Today we will take a look at how the U.S. military is helping to prevent an economic disaster by securing U.S. oil needs and maintaining the free flow of oil globally. Success in their mission will mean the rising prices of oil and gold will be graduated in a more or less controlled fashion - failure in their mission mean sky rocketing oil and gold prices leading to a world wide economic meltdown.
It seems the only time the U.S. dollar makes a rally these days is when someone from the Federal Reserve or a politician states some innuendo about a strong U.S. dollar policy.
Talk is cheap. Facts speak volumes.
Though usually ignored by the main stream media and many gold gurus, the war for resources is building momentum and those investors who are paying attention will reap enormous profits over the coming months and years.
The Growing Demand for Oil
We are living in an age where oil demand is escalating at an unprecedented rate while global production is on the decrease. Today one barrel of oil is found for every 6 consumed.
The day of reasonably priced $35 barrel oil has come to an end. Over 2005 and the coming years the United States will need to further exert its military muscle in order to maintain reliable supplies.
With about 5% of the world's population, the U.S. consumes about 25% of the world's total supply of oil. It's hard to believe that just 50 years ago, America was producing half the world's oil and today we can't produce even half of our own needs.
From 1970 to date, our demand has increased from 17.7 million barrels of oil per day to nearly 21 million barrels. At the same time domestic oil production is decreasing, having dropped from 10 million barrels per day in 1970 to a projected 5.58 million barrels in 2005.
As a nation the United States depends on foreign oil for 60% of our needs and that amount will only get bigger over time.
The Department of Energy forecasts consumption demand will be 26 million barrels a day or greater by 2020, imports representing two-thirds of the supply.
US Oil Production and Consumption Forecasts - US Dept. of Energy Data
Million Barrels per Day
For America to maintain economic and military dominance, oil consumption will need to sharply increase. At the same time, other nations are also competing for the same supplies. The world's second largest consumer, China increased their oil consumption by 40% last year. Going forward China will present one of the largest obstacles facing the security of the United States - an economic powerhouse who isn't afraid to flex its own military muscle.
As Secretary of Energy Spencer Abraham pointed out, oil and economic strength go hand in hand. "Energy security is a fundamental component of national security. Military force will be an increasingly important prerequisite to safe guard the flow of foreign oil."
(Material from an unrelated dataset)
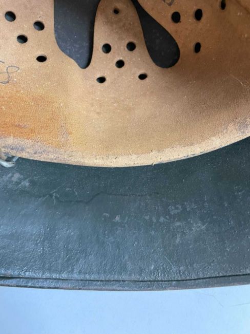 THE MILITARY CLUB HOUSE: WORLD WAR II GERMAN HELMET size 58 as per leather interior, leather chin-strap, green painted outerProvenance: private collection Denbighshire Condition Report:There is a 58 stamped on the outside of the leather, then on the inside is stamped 58N44. There is also an S stamped right in the inside centre on the metal
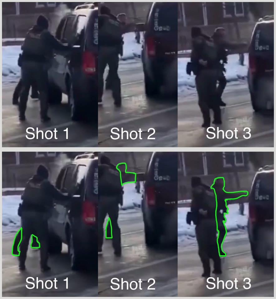 I will say I believe if the first shot is justified, then the second and third ones are as well. If you justify one shot, then I don't expect the threat to be completely eliminated and the shooter to process the new information in the 0.45 seconds the whole shooting took place. So that's Why I'm just using the frame of the first one.

Maintaining the Flow of Oil - Securing the Dollar and the Economy
History has shown that American foreign policy has always taken a strong stance toward securing the lifeblood of the U.S. economy - oil. This started 60 years ago when imports only accounted for 10% of American oil consumption.
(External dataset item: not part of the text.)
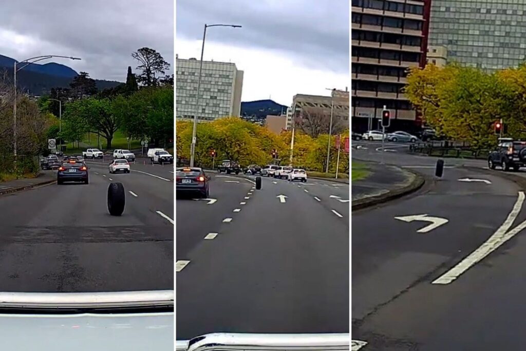 A runaway tyre rolling at high speed down one of Hobart’s busiest streets in peak-hour traffic has sparked concern from police.

Back in 1945 President Roosevelt met with King Abdul Aziz ibn Saud of Saudi Arabia to set in motion the now famous "protection for oil" arrangement. From the point of view of keeping some control over 25% of the world's oil reserves - this deal was good. The U.S. gets oil and the Saudi Royals live a life of unbelievable wealth and opulence.
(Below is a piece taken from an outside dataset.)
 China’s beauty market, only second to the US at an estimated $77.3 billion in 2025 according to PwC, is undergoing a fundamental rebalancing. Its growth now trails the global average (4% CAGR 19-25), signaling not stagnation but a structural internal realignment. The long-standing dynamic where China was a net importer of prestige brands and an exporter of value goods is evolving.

Safeguarding the Saudi Royals from external and internal enemies has largely been handled by CIA operatives working within the country. To say the CIA has its hands full is an understatement. Saudi Arabia is an excellent candidate for a revolution and is choc-a-block full with extremists. As you will recall, 15 of the 19 9/11 hijackers were Saudis and Saudi charities have been linked to al Qaeda. Al-Qaeda has also been very active in terrorizing and killing western workers in Saudi who are the backbone of their economy.
Saudi Arabia is a time bomb ready to explode and it will.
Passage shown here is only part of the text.